By default, Photo Booth's live preview and captured images are reversed horizontally, to simulate the user looking into a mirror; an option provides unreversed images.

== History ==
Photo Booth was first introduced by Apple in 2005 with the release of iMac G5, which featured a built-in iSight camera. The app was later introduced on iPad devices with the release of iPad 2 in March 2011.

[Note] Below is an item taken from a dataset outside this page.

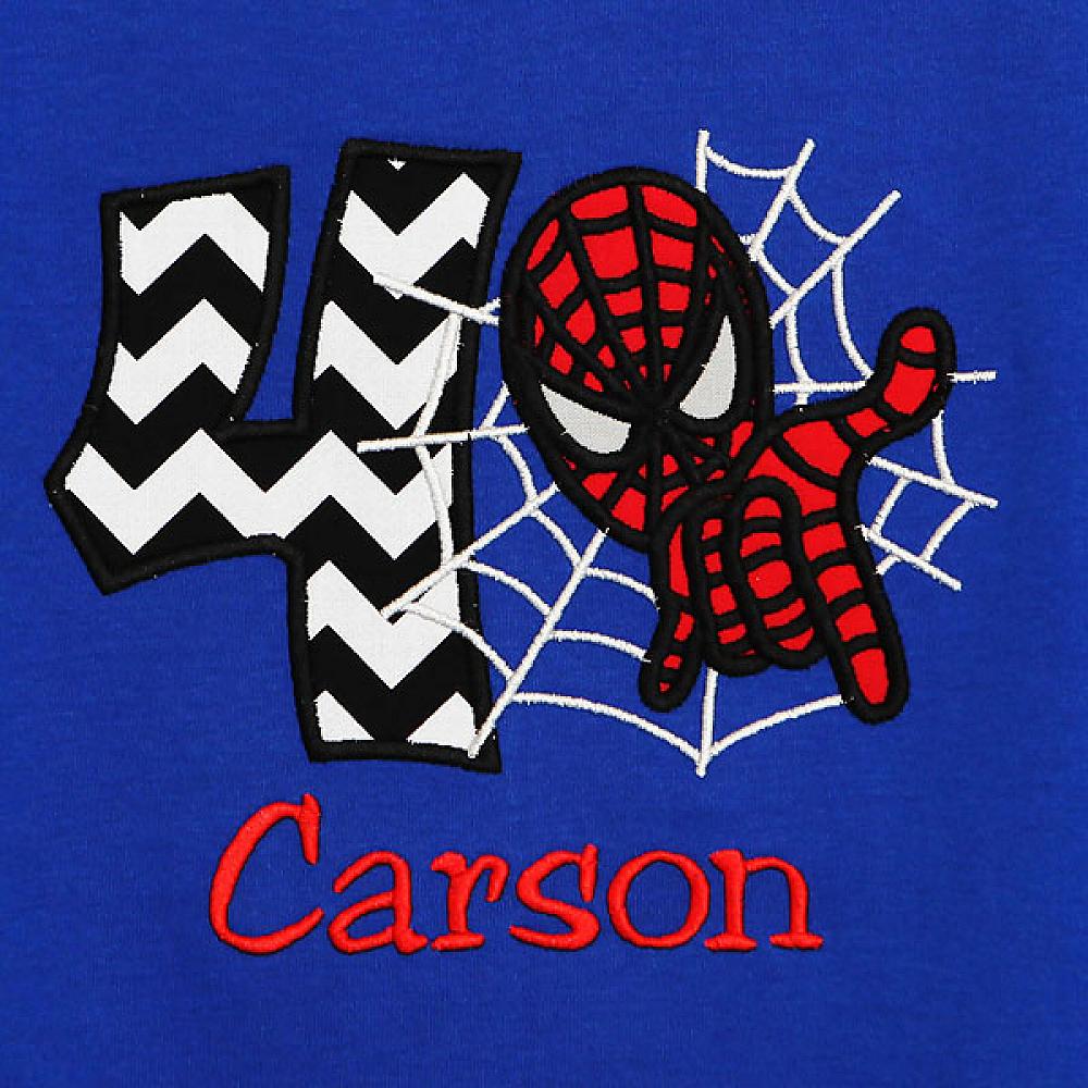 Personalized Spiderman birthday shirt or onesie. Custom made to your specifications. You pick the fabric, font, and thread colors. Add shorts, pants, a coordinating bib or diaper cover to complete the outfit.

Since its initial release, Photo Booth has received several updates and new features. Notable updates include:

- Additional Effects: In 2011, Apple added new filters and effects to the app, such as Space Alien, Blockhead, Dizzy, and Lovestruck, among others.
- Sharing Features: In 2012, Apple added new sharing features to Photo Booth, allowing users to share photos and videos to social media sites such as Facebook, Twitter, and Flickr.

==Post-processing==
After the picture is taken effects can be applied by clicking on the "Effects" button. Photo Booth has two sets of image effects that can be applied when taking a picture. The first set contains photographic filters similar to those in Adobe Photoshop; additional effects may be downloaded from websites. Another set allows replacing the background with a custom backdrop.

===Backgrounds===

From Mac OS X 10.5 Leopard to macOS 10.14 Mojave, the user could apply backdrops to provide an effect similar to a green screen. When a backdrop was selected, a message appeared telling the user to step away from the camera. Once the background was analyzed, the user stepped back in front of the camera and was shown in front of the chosen backdrop.